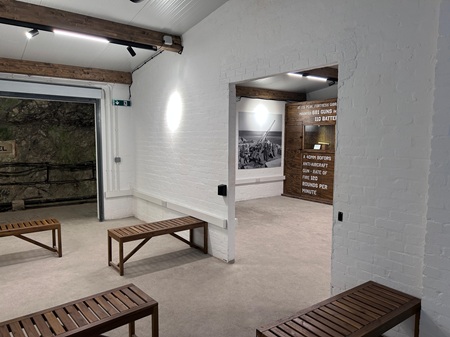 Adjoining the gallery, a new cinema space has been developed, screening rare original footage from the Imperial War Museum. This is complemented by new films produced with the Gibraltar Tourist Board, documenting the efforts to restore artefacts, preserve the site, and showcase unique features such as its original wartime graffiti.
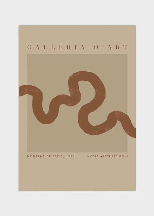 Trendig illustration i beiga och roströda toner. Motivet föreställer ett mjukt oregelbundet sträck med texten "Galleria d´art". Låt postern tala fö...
---------------
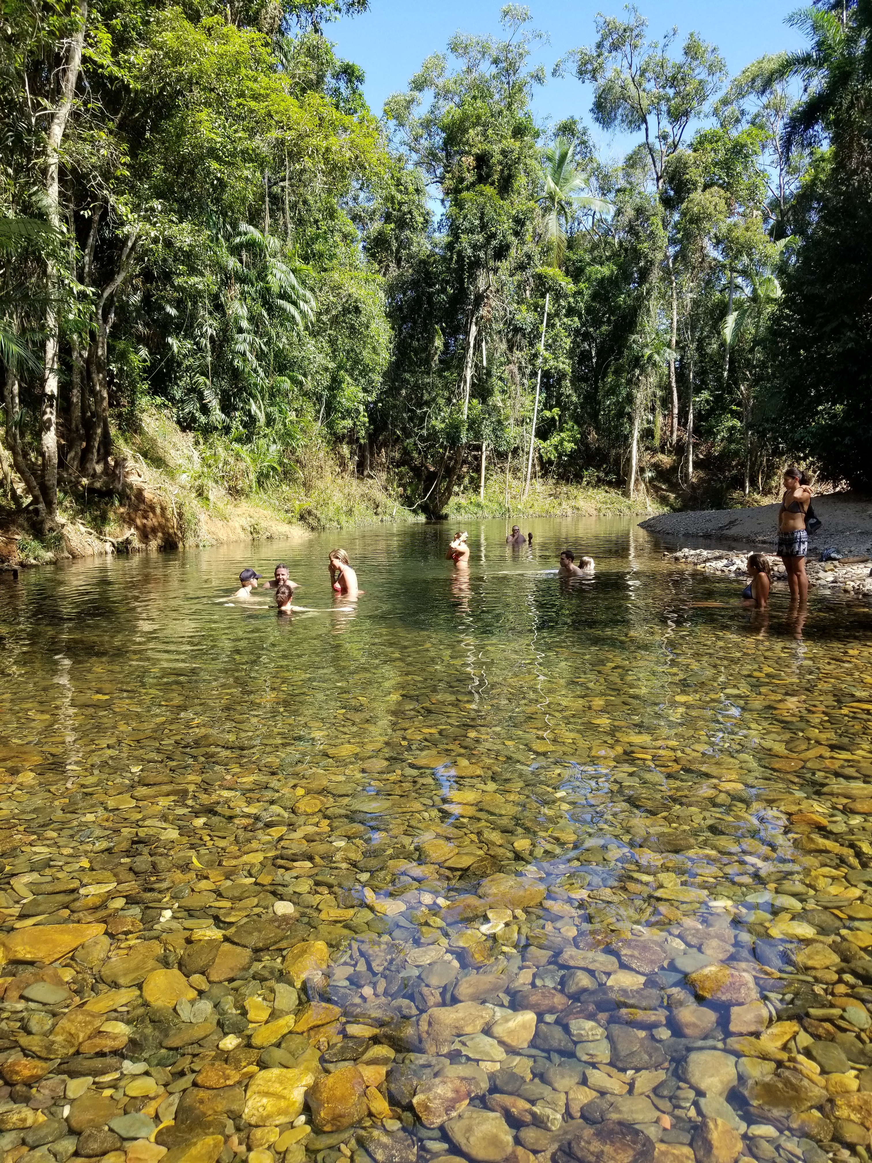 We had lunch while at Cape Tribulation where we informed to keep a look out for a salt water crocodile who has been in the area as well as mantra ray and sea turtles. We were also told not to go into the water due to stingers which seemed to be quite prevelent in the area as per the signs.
---------------
### Instructions for the task
Beginning with the line above that contains "Adjoining the gallery, a" and finishing with the line that contains "Trendig illustration i", print those lines exactly and only. Skip all pictures.

### Exercise response
 Adjoining the gallery, a new cinema space has been developed, screening rare original footage from the Imperial War Museum. This is complemented by new films produced with the Gibraltar Tourist Board, documenting the efforts to restore artefacts, preserve the site, and showcase unique features such as its original wartime graffiti.
 Trendig illustration i beiga och roströda toner. Motivet föreställer ett mjukt oregelbundet sträck med texten "Galleria d´art". Låt postern tala fö...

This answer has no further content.